The BFW M.23, sometimes known as the Messerschmitt M 23, was a 1920s two-seat sporting aircraft designed by Willy Messerschmitt, and produced by Bayerische Flugzeugwerke (BFW). Examples won several prestigious races in 1929 and 1930.

Development
The BFW M.23, (the M standing for its designer Willy Messerschmitt), was developed in response to a specification issued in 1929 by the German Aero Club for the Ostpreussenflug (East Prussian Circuit) competition. The result was an improved version of the M.19, with seating for two, and wings that could be folded for transport or storage.

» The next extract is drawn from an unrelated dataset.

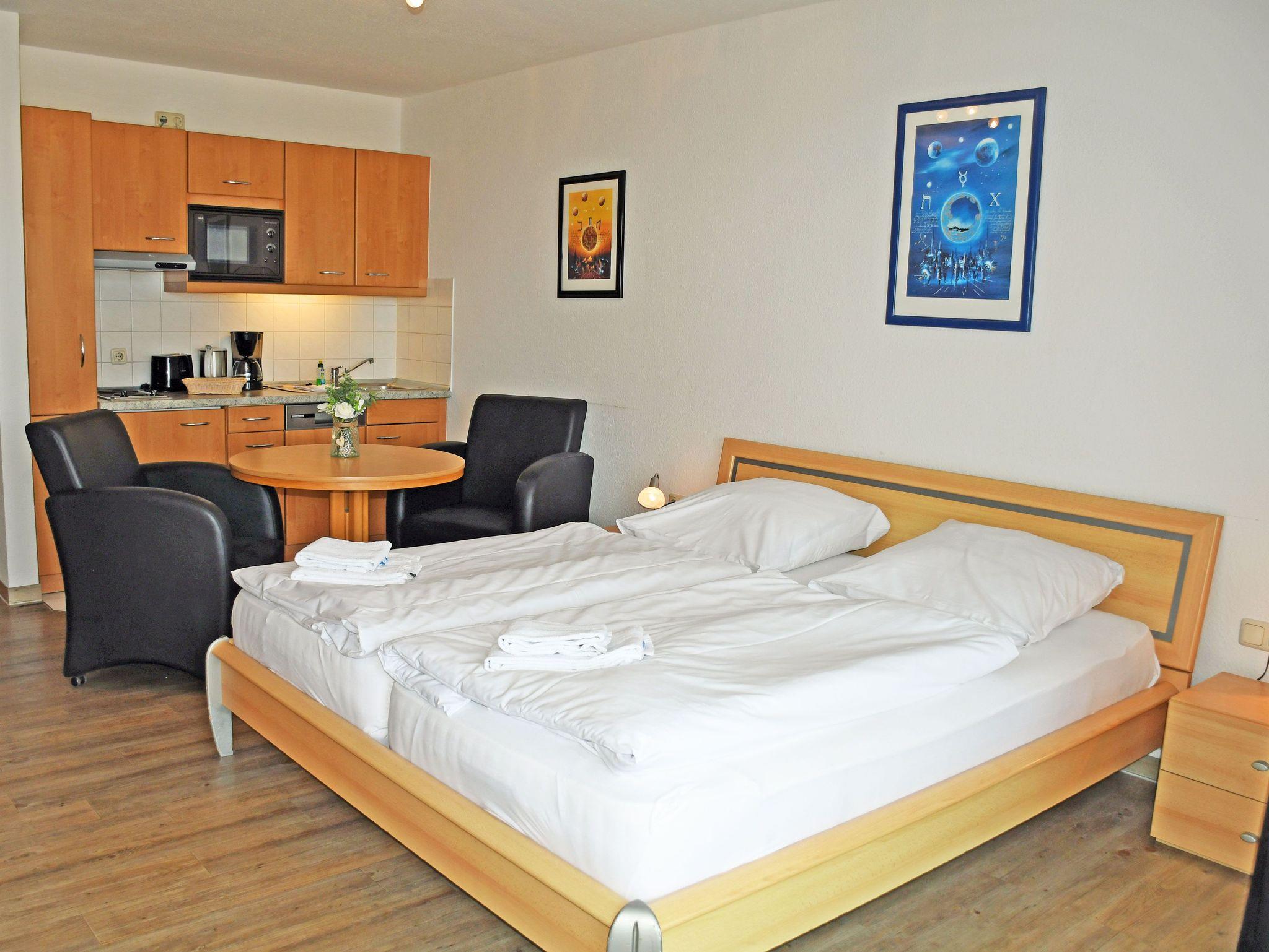 Unsere ruhig gelegenen, hellen und lichtdurchfluteten 1-Raum-Ferienwohnungen mit Balkon oder Terrasse sind wie folgt ausgestattet:
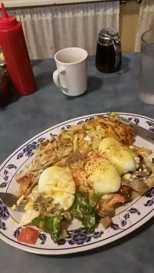 Voula! What a firecracker and Papou Pete loves to joke and visit with everyone. This cozy little nest of neighbors is best earlier in the morning before it gets too busy, especially if you're not a neighbor and want to park close. My hubby loves the Hobo Omelette and I find the New York Scramble to be quite unique and tasty. You'll always have leftovers! The plates are generously piled with savory breakfast choices! The waffle looks inviting, but I've never tried it and the breakfast burrito is enticing, but I just keep sticking to my favorite. Did I tell you they're fast? They get the food out quick, so there's not a long wait with the kiddos! Oh, and the freezer jam! Get the toast so you can enjoy the freezer jam! They have a good basic brewed coffee, but there's no problemo with bringing in your own cup of Herkimer Coffee from just up the street. Thank you so much Voula & Pete! You give us a great place to wake up and enjoy the morning :) We love your place!

The M.23 was a small, conventional low-wing cantilever monoplane. It had a fixed undercarriage, the mainwheels mounted on a cranked axle, plus a tailskid. The fin and rudder assembly were broader and shorter than that of the M.19, though the shape varied with sub-type. A wide variety of engines were fitted, with power ranging from the 28 kW (38 hp) ABC Scorpion two-cylinder motor to the 112 kW (150 hp) of the seven-cylinder Siemens Sh 14a radial.

The first of three production variants, the M.23a used low-powered engines and had a very angular vertical tail. The M.23b had curved upper fuselage decking and a more rounded tail and was produced with a large range of engines, both inline and radial. The length depended slightly on the engine fitted. The final version, the M.23c had an enclosed cockpit, the most powerful engines and was slightly larger (200 mm/8 in in span, around 500 mm/20 in in length) than the earlier variants. Its tail was again different, more rounded at the top and missing the elevator cutaway of the earlier models.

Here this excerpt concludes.